I have read every single thread on this forum and xfinity's (I'll post there as well) in regards to how to get rid of the v301 issue when trying to access VOD. Here are the steps I propose and the magical step that finally worked. Even if xFinity isn't showing up in your user preferences>my video providers list yet. 

1. Obviously, make sure that your card is paired correctly. The best course is to call TIVO, have them dial in xFinity and have a three way call. You can follow along and help yourself by going to settings and messages>remotes, cablecards and devices>cablecard decoder>cablecard options>cablecard menu>cablecard pairing. There are three essential numbers you want to ensure are paired: the SN, the Host ID and the Data. If this is correct, and BOTH services confirm, go to step 2. 

2. Hit clear. Now go to "conditional access" (all the steps above except the last step). On the line that reads "con" and sure that after Val: you have numbers and letters and not a question mark. Same under Auth. If you have a question mark, alert Tivo and Comcast. 

3. It goes without saying, but power cycle the tivo, and then force a connection. Luckily the Bolt cycles fast. 

4. Ensure that the programming codes are correct on the xFinity side. There's some discussion of there being an additional area that requires coding, called Bolt Ons, and that you want to ensure your code is Tivo Premiere, not just Tivo. Try it, because it may work (it did not for me, but there's evidence it has for others). 

5. Now, the thing that worked for me. Go to TIVO's website (lol, because everyone says this is an xfinity issue, right?). Go to My Account. Click on "device preferences" and then UNselect both "video sharing" and "enable video downloads". Now hit save. On your tivo, force a connection by going to settings & messages>network settings> hitting OK and waiting until its done loading. Now, power cycle (settings & messages>help>restart). Then go back to the TIVO website (hopefully you never left) and recheck both boxes for "video sharing" and "enable video downloads". Hit Save. Force another connection. Click on the TIVO home button. If xFinity on Demand doesn't appear, go to settings & messages>user preferences>my video providers and ensure there is a check next to it. Now click the TIVO home button. xFinity VOD should appear there. AND IT SHOULD WORK. 
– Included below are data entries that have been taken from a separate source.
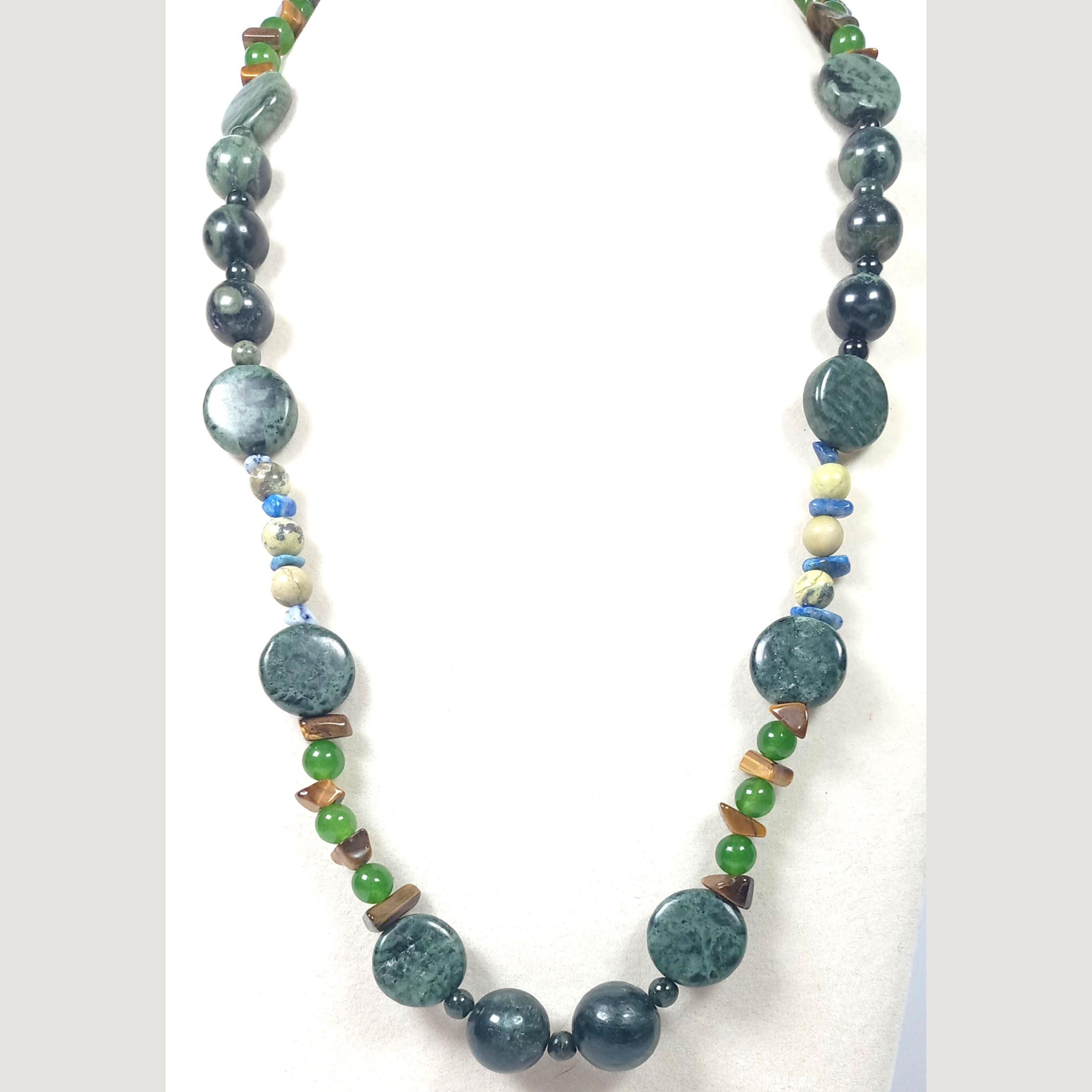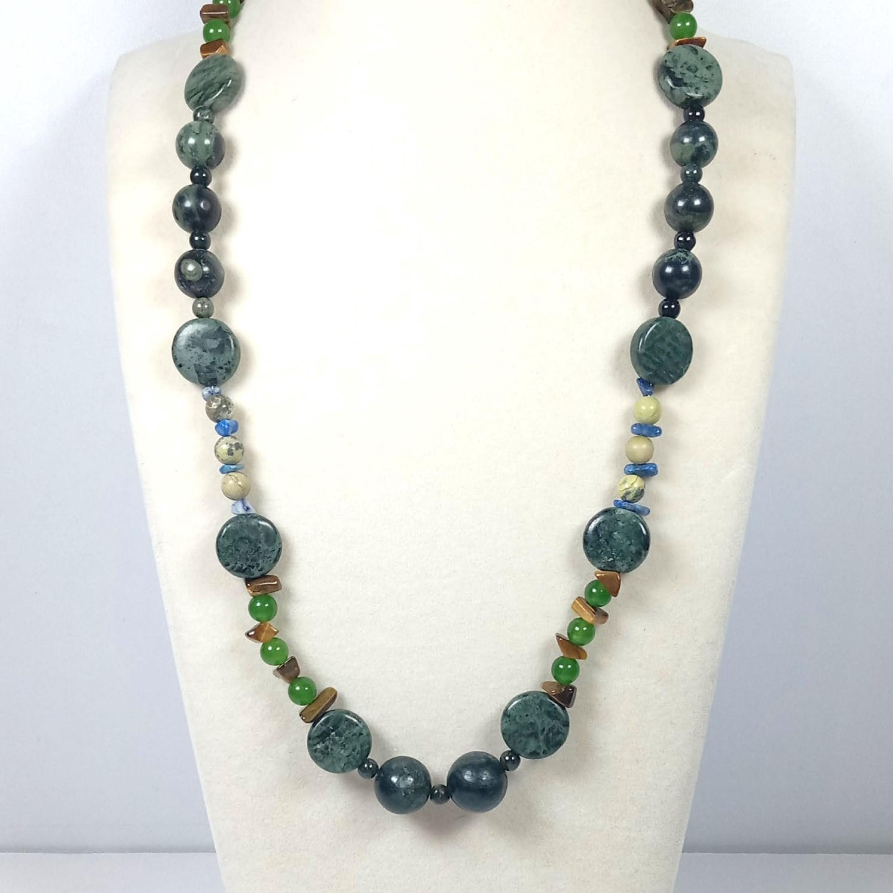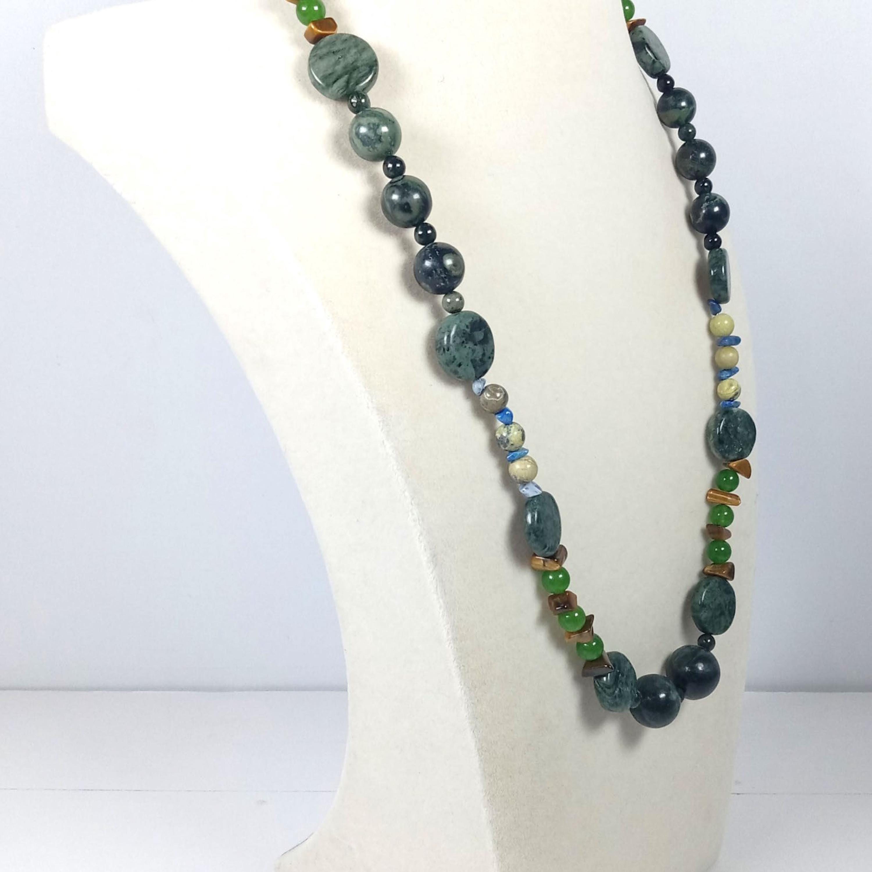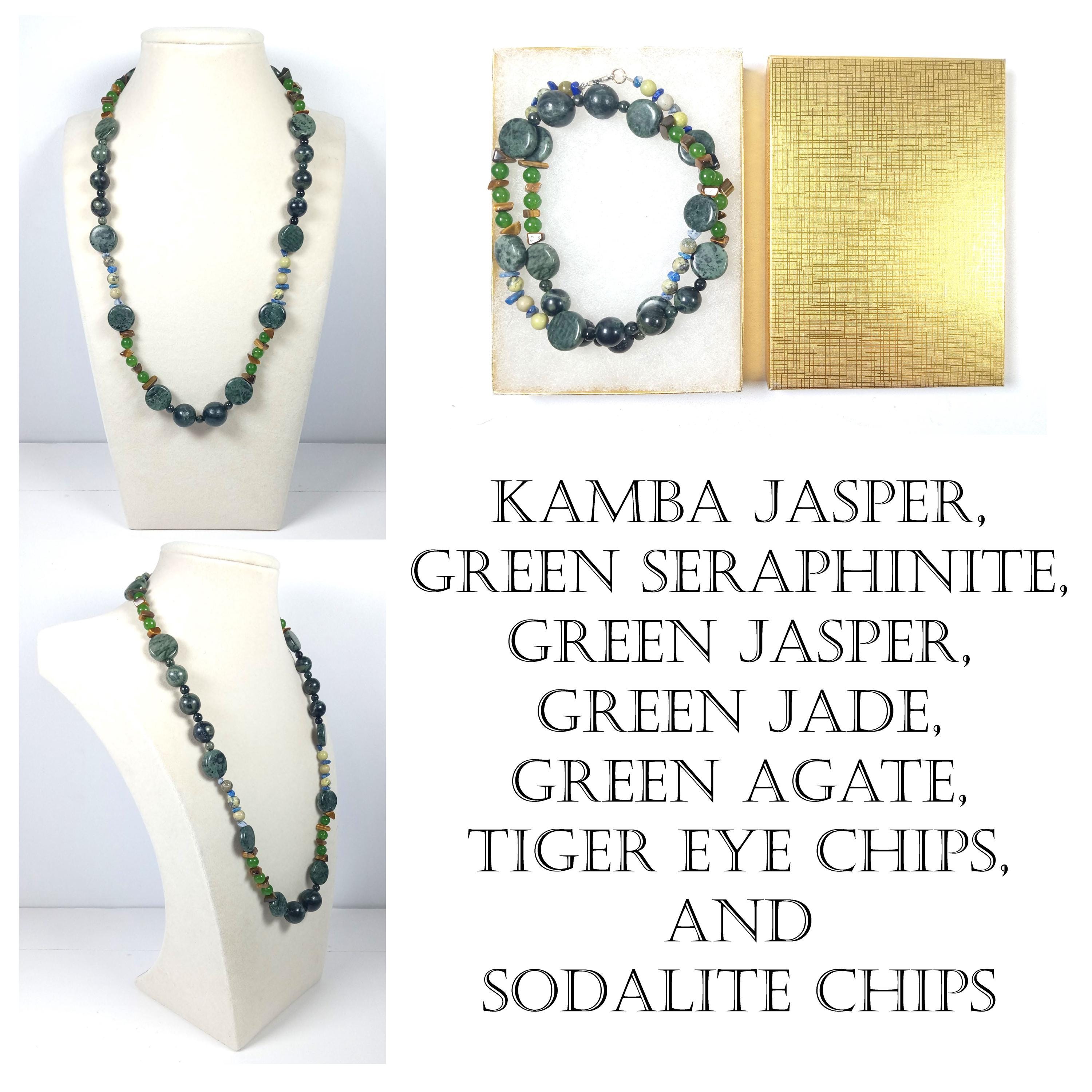 This one-of-a-kind Kamba Jasper, Green Seraphinite, Green Jasper, Green Jade, Green Agate, Tiger Eye Chips, and Sodalite Chips is a necklace made with natural stones.
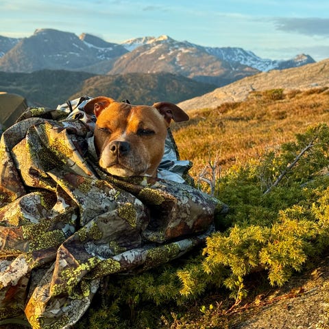 Jervenduk for hunden. Når den firbente har behov for å hvile på turen, er Jervehiet perfekt. Ytterstoffet er det samme som i Jervenduken original, og er dermed både vann- og vindtett. Kombinerer du duken med thermofôr (vattering selges separat), har du en fleksibel og varm seng som hunden garantert vil sove godt i.
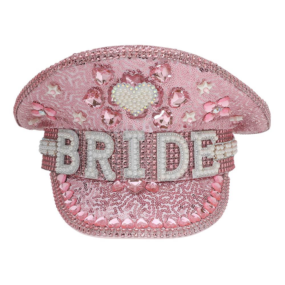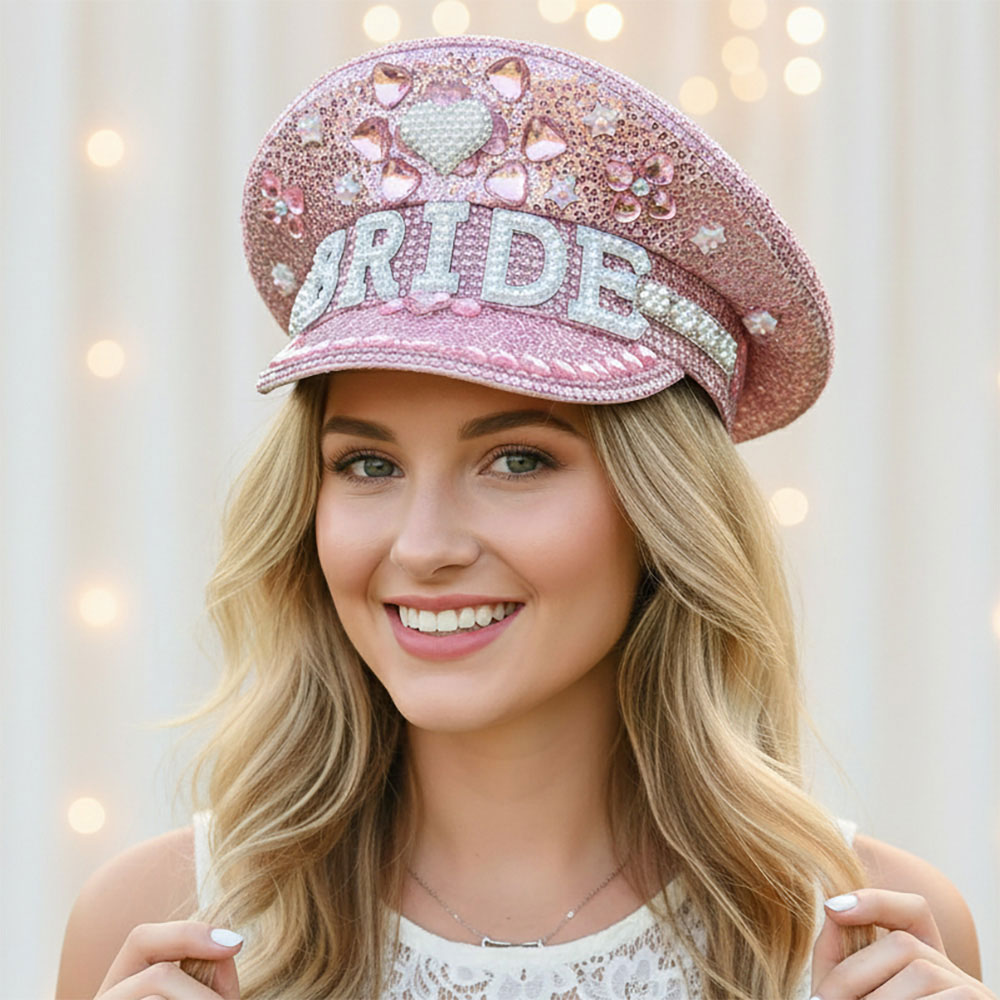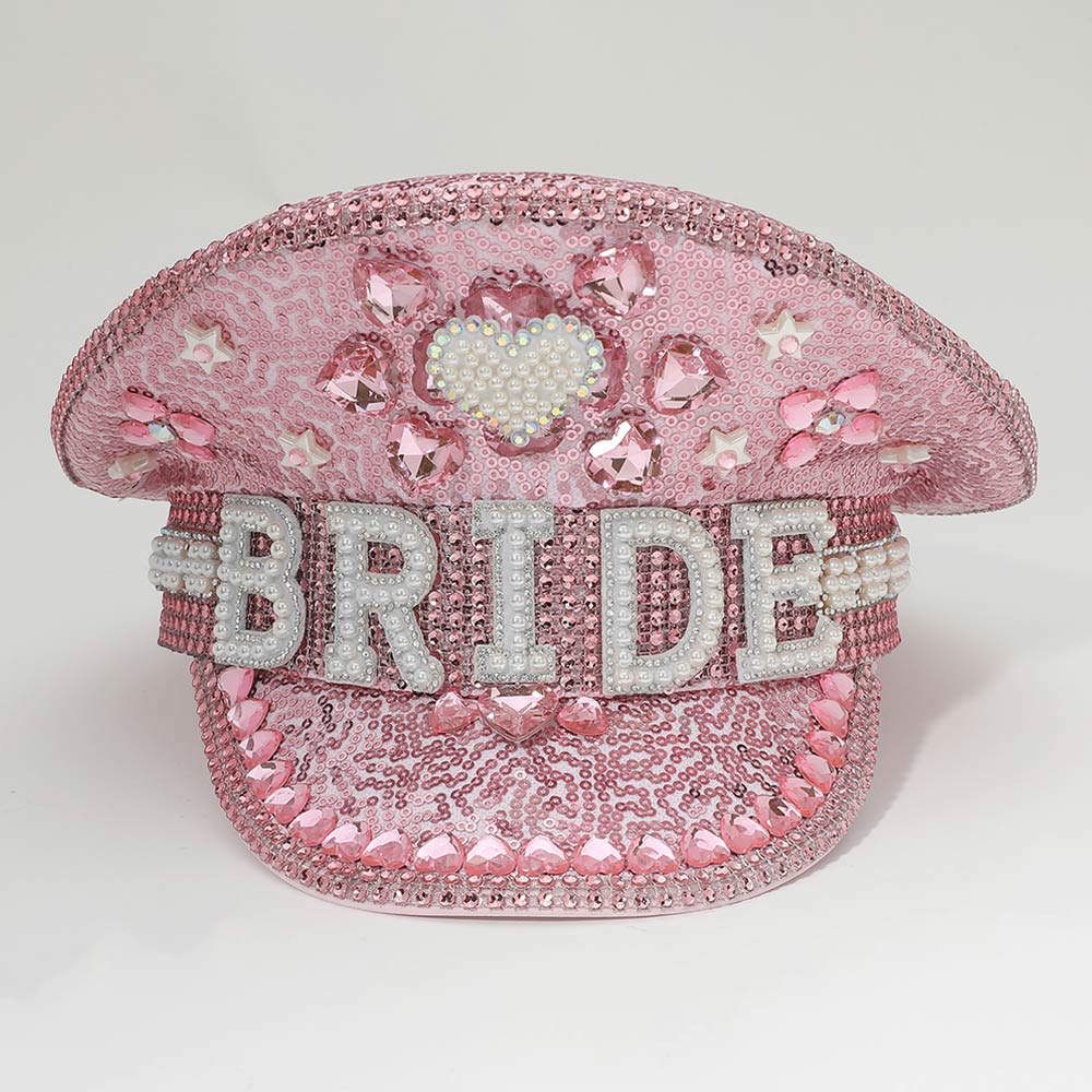 Pearl BRIDE Lettering Rhinestone Heart Embellished Sequin Bridal Captain Hat
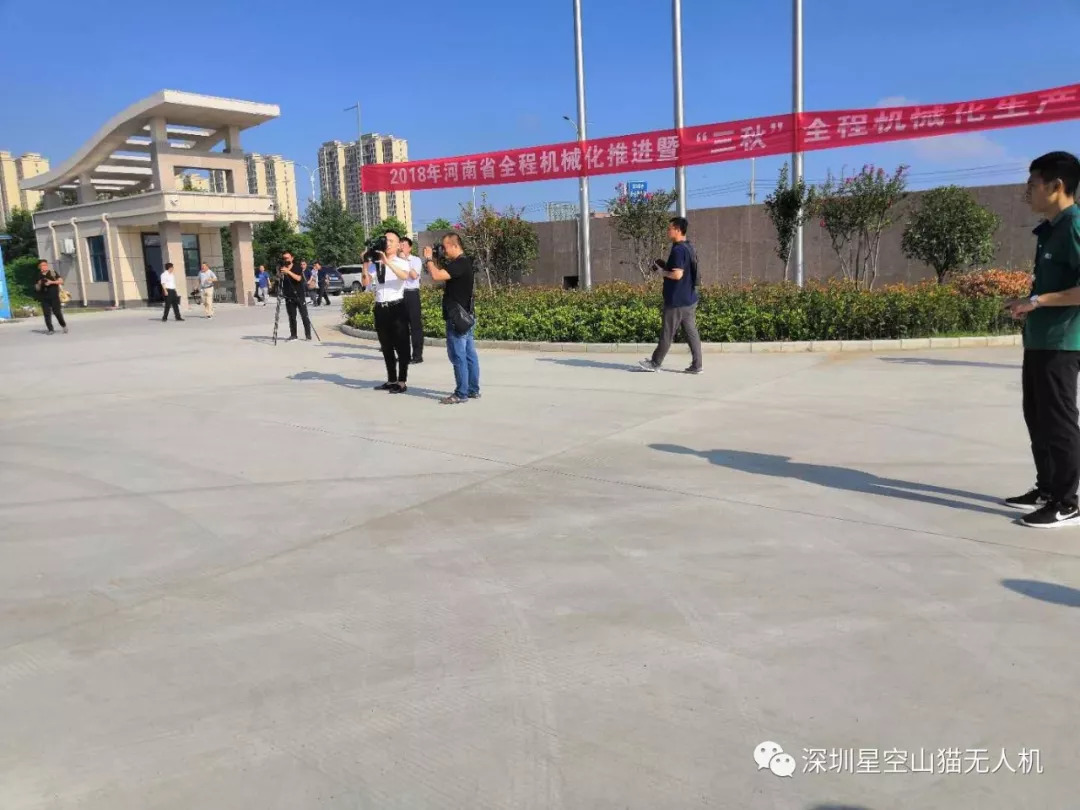 2018年8月21日,我公司携带四架含有国家补贴的无人机分别是3ws6—16三架,3ws8-10 在驻马店长仑农业机械装备产业园现场展示.
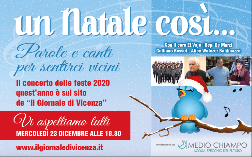 Sul sul sito www.ilgiornaledivicenza.it, a partire da oggi 23 dicembre alle ore 18.30 e per tutte le festività natalizie, si potrà assistere al concerto “Un Natale così…”.
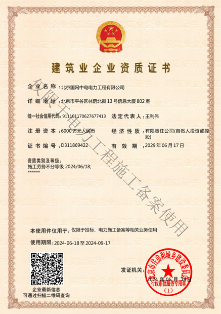 北京國網(wǎng)中電電力工程有限公司,已取得國家電監(jiān)會(huì)頒發(fā)的《承裝(修、試)電力設(shè)施許可證》、為電力施工承裝四級、承修四級、承試四級企業(yè)。北京市住房和城鄉(xiāng)建設(shè)委員會(huì)頒發(fā)的房屋建筑施工總承包二級、機(jī)電設(shè)備安裝工程專業(yè)承包二級、輸變電專業(yè)承包二級、城市及道路照明工程專業(yè)承包二級、市政公用工程總承包二級資質(zhì)、勞務(wù)不分等級,已通過ISO9001:2015 GB/T50430-2017質(zhì)量管理體系、GB/T24001-2016/ISO 14001:2015環(huán)境管理體系、

of note: its best to call TIVO and have them dial in xFinity's cablecard dept. The truck rolls (meaning they send someone to your house) are to be avoided because generally, those guys just call into the office for help. Its not JUST an xfinity problem as people suggest, its both. 

That 72 hour bull****? ITS A LIE. If its working, it will happen immediately. 

Unless your cablecard isn't being recognized by the TIVO its probably not a cablecard issue. 

And that is all. BE PERSISTENT.


----------